A Doll's House, in my opinion is a tragedy of sorts, but it is a result of the people of the time.  The society is male-dominated and though Nora's behavior seems sometimes comic in its ridiculous nature, she is actually simply playing a role (like a "doll") in order to get what she wants and, in a real sense, absolutely needs: money to pay Krogstad's I.O.U.

Nora leaves her children at the end and goes into an uncertain future. She knows she can not care for them, but regardless of the situation, a mother leaving her child is unnatural and hard to comprehend in any society, though it happens all too often.

I would say this play is sad: the family is destroyed and Nora has no idea of who she is or how she will survive. (Kristine has already described the horrors that a single's woman's life, trying to survive alone in a man's world, will hold for her.) Torvald has no clue, but this has been the case through the entire play. Even when he finds what she has done—only to save HIS life—all he cares about is his reputation.
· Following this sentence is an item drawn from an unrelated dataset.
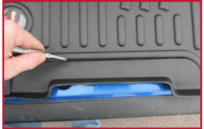
Figura 7 - Recorte del tapete del conductor para su instalación con el asiento EzyRider o con un asiento del mercado de accesorios.

8. Dentro del paquete con las instrucciones de instalación, localice un gancho de retención de plástico negro, así como un tubo blanco de Primer 94 como se muestra en la Figura 8.

He is, of course, a product of his society, but in any age, there have always been people who have lived outside the confines of society to do great things.

For example, Ghandi, Mother Teresa, and Martin Luther King, Jr., are only a few examples: they could have stayed where society expected them to, but each chose to take a different path that confounded some, and enraged others. And thank God they did so.

Unhappy and tragic: that is how I see "A Doll's House."